The distributor is locked, so you open it for us. In the meantime, he calls the marina office and we get a place on the other side of the pier next to the station. The marina costs $2.50 per foot of boat length + taxes. Water costs $3.50 per day and electricity is metered. You need cards to enter the marina and showers – they give you one card per boat, but in the evening you get two more cards. Marinero also lends us a power adapter (we don’t have one like the one here).

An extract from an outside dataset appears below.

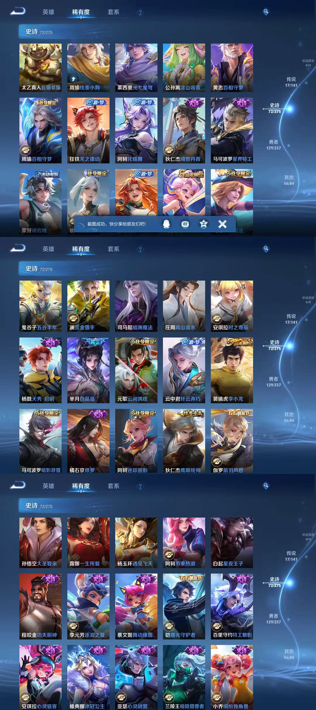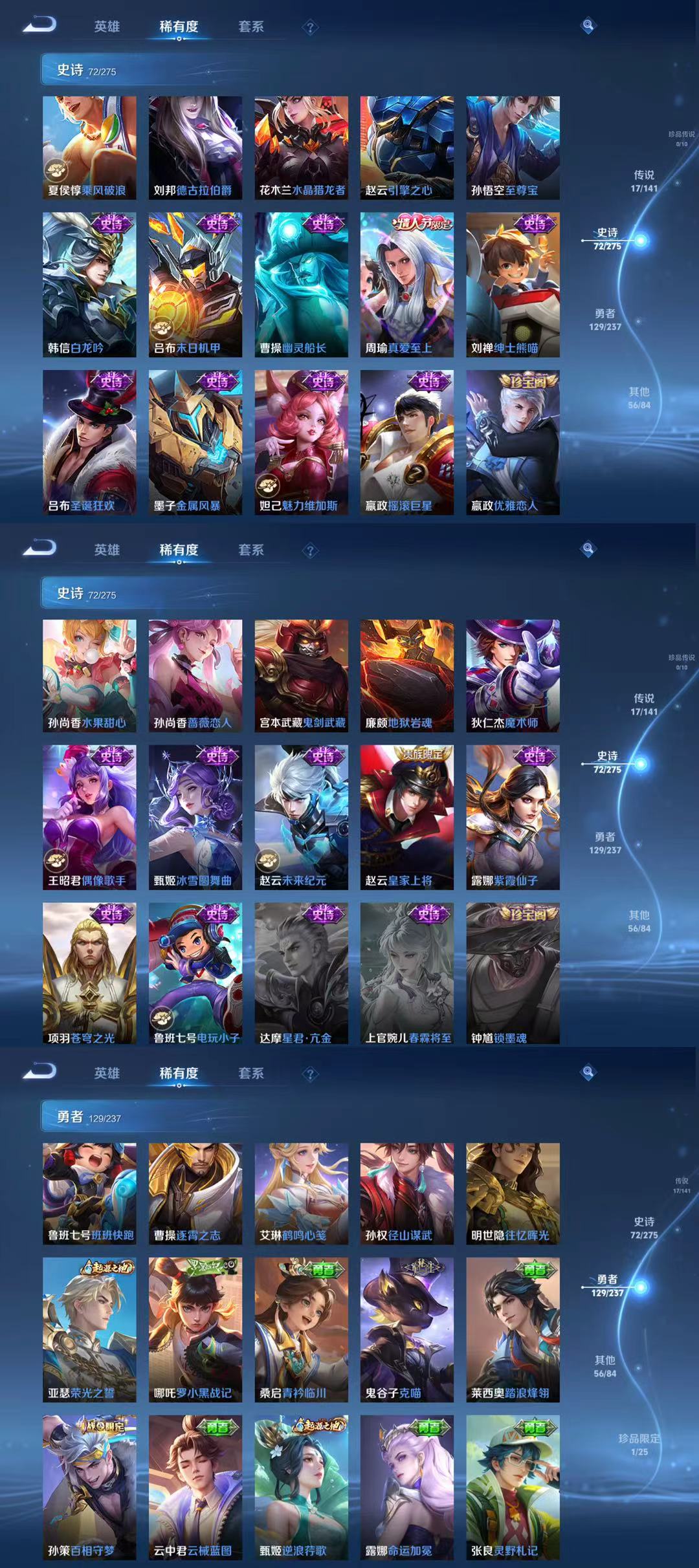 【史诗皮肤】 克喵 龙之律动 百相守梦 绮世丹青 光弋星穹 踏浪烽翎 涂山容容 一生所爱 电玩小子 白晶晶 瓦猫非猫 大圣娶亲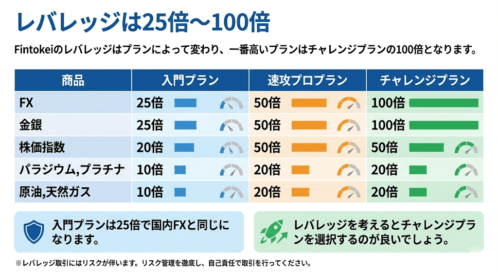 Fintokeiのレバレッジはプランによって変わり、一番高いプランはチャレンジプランの100倍となります。

Check out from USA Puerto Real

You need to fill out the CBP Form 1300 form, take it to the marina office, they send it by e-mail to CBP and they send you a signed and stamped document back by e-mail. They print it and that’s it – the whole thing takes about ½ hour (queue to the office, writing an e-mail and waiting for a response)

January 24

In the morning we leave Puerto Real – a very nice marina, although not that cheap. At first there is almost no wind, so we sail with the engine, but around noon it dissipates and the wave grows. The wind reaches a speed of over 30kn (that’s a good 7B).
There’s a full moon – it’s wonderful.

Marina ZarPar Boca Chica

The marina is behind a coral island with a nice view. 3 marineros help us on the approach (but they did not respond to the VHF call). After docking, a man from Immigration and Customs came. The customs officers boarded the yacht and took photos, and the man from Immigration took photos of the passports and the yacht’s document. Then everyone went politely to the office, where the gentleman scanned the passports (2 copies) and the lady wrote out the residence permit (visa?) using carbon paper. I paid $310 in cash for everything (8 people, yacht, marina assistance, customs and immigration office). The whole thing took about 2 hours
The next day I came to pay for the marina – it costs $1.18 per foot and an additional $1 per day for water. Half of what in San Juan. Electricity is billed at the end of your stay. The people in the marina are very helpful. On weekdays, there is a bus to the grocery store twice a day at 11 a.m. and 2 p.m.
The only minor drawback is that local motorboats go out into the lagoon opposite the marina and play music at full volume. Apparently you can pay attention to them in the marina, but not 100 meters away.
There is an exchange office in the town where you can exchange dollars and euros for pesos. The rate is 58.35 pesos for 1$ and 63 pesos for 1€. From Boca Chica, you can get to Santo Domingo from the bus station for 100 pesos.

Diving in Boca Chica

We dive with the Tropical Sea Divers diving agency, it has very good opinions and good Dive Masters. The price of a single dive is $38, for equipment rental (BCD and regulator) an additional $10. We dive first at Matna Reef (max 22m), and the second dive at Coral Garden – max 11m. It is very nice, although the visibility is not the best. After diving, coffee, shower and we go to a nearby pub for the menu del dia – everyone chooses chicken breast in spicy sauce – it is very tasty. We return to the yacht by Uber.

Santo Domingo

A large city, very diverse both in terms of architecture and people. Half of the Dominican Republic’s population lives here. It’s worth walking around the old town and seeing the colonial buildings from the times of Columbus. Unfortunately, a large part of the old town is under renovation, so some of the facilities are fenced off. There is a district of elegant hotels, slums and, of course, the Chinese district, where we eat a tasty dinner.